Tuesday, June 30, 2015

I believe in humanity.

Years ago, I found myself in a bad situation. I was mistreated pretty badly by someone who I thought loved me. It got out of hand and before I knew it, I felt I was stuck believing that I was sorry, stupid, and just a big mess up that ruined everything I touched. That this person was doing me a huge favor by being in my life. It was like I needed this person to save me from myself.

It did a number on my way of thinking. Sadly, I sometimes find myself back in that mindset. Full of fear and self doubt. Worried that the next person will eventually see my faults and inadequacies and run for the hills. One thing seems to go wrong and the apocalypse goes off in my brain. It's very frustrating, terrifying, and lonely to muddle through. It makes things difficult for me when interacting with other people and, by default, makes it difficult for the people that I am interacting with.

So when I meet people who see this side of me and they stick around, I value them more than money.

Even through all this, I am a sensitive person. I feel things deeply. And I still believe in the good of people, of humanity. I cannot believe that everything is course and abrasive. I can feel music and I can appreciate the beauty of a flower or a painting or the hard work that someone else put into a project whether or not I like the finished product. I sometimes just enjoy looking at someone watching TV or playing on their phone because I appreciate their presence in my life. My friends and family are important to me.

People matter.

There is a lot of animosity and hard feelings out there through recent current events. People say things out of anger and they call people names. It's impossible to know how the person receiving that information will take it. I'm not saying that we should walk on eggshells around everybody, but there must be another way to communicate and discuss perspectives without attacking other people indiscriminately. Emotions are there and should be respected. It would be amazing if we could have a completely rational and objective conversation on hot topics, but the human factor cannot be ignored. We are not Vulcans. There is a balance.

Respect. Acknowledge.

This does not mean that you have to agree.

Thursday, May 28, 2015

It's been a while

So, it's been a while and I have unsuccessfully posted anything beyond my first post in over 5 months. But here I am again. I am not in the habit of doing this (obviously) but today, I had a thought. I, along with my boyfriend, have started walking in the morning. We both want to get healthier. I want to lose weight too. And as a large woman, I have huge obstacles to overcome.

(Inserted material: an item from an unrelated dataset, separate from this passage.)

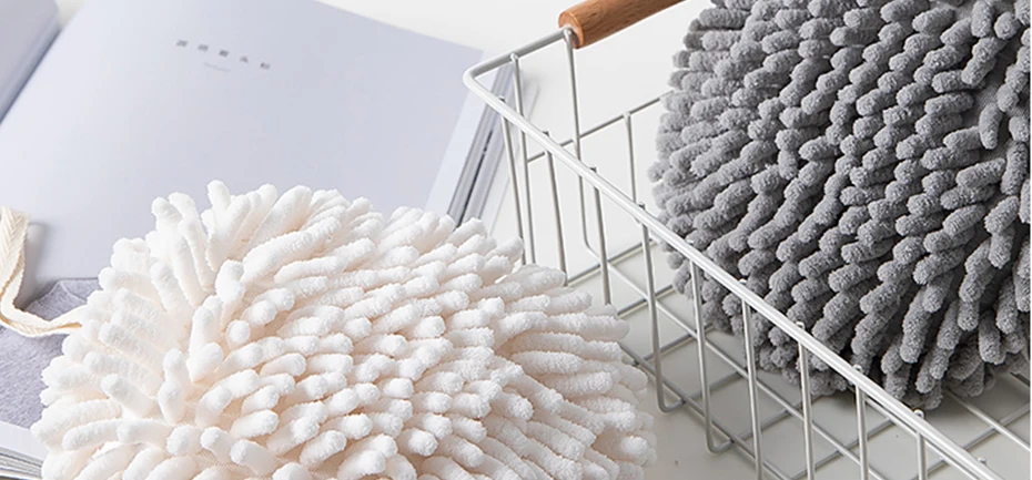 Полотенце для рук из синели с шариком, мягкое Впитывающее быстросохнущее полотенце, полотенце с петлей, подвесное кухонное полотенце для рук

I am not, nor will I ever be, a supermodel. I will always be on the bigger side of life, and that is okay. I just want to feel good. Right now, my body aches and I believe most of that is due to my weight and my lack of exercise. Now that I am walking and stretching, I have to deal with the thoughts that come along with it.

You know the ones. The ones that tell you that you can't do it or that you will not lose weight. The vain ones that focus on the superficial and not the reality. Of course I want people to tell me that I am pretty or beautiful. Of course I want to hold my head high in the knowledge that I don't look like a blob bouncing and jiggling down the street. But I want to be healthy.

My boyfriend and I have plans - places to go and things to see. But we need to be able to enjoy it without struggling to breath or just wanting to go to bed early. He is a great guy that I am so happy to have in my life. I want him to have a wonderful life and I want to be a part of that. I can't if I can't keep up.

So here I go. Onward through the obstacles. Past the negative voices in my head. And I have to believe that I have the stamina and endurance to get past the worst of it. It will not be easy. My body is not used to exercise, but I have to do it if I want to reach my goals.

Friday, January 9, 2015

So, here I am. Checking out my ability to blog something worthy of someone else's time and attention. All I can do is just be me. Sometimes, I may have something interesting to say. Other times, it may be though provoking and intellectually stimulating. Who knows, I may post something that will start an earth shattering revolution in human interaction that will bring about the long awaited area of peace, love, and tranquility.

Okay, let's get honest. I may have nothing of value to share. I could just be typing out a bunch of nonsense and stringing together words that lack value. But as long as it makes someone smile, even if it is just a single person, then I'll take it.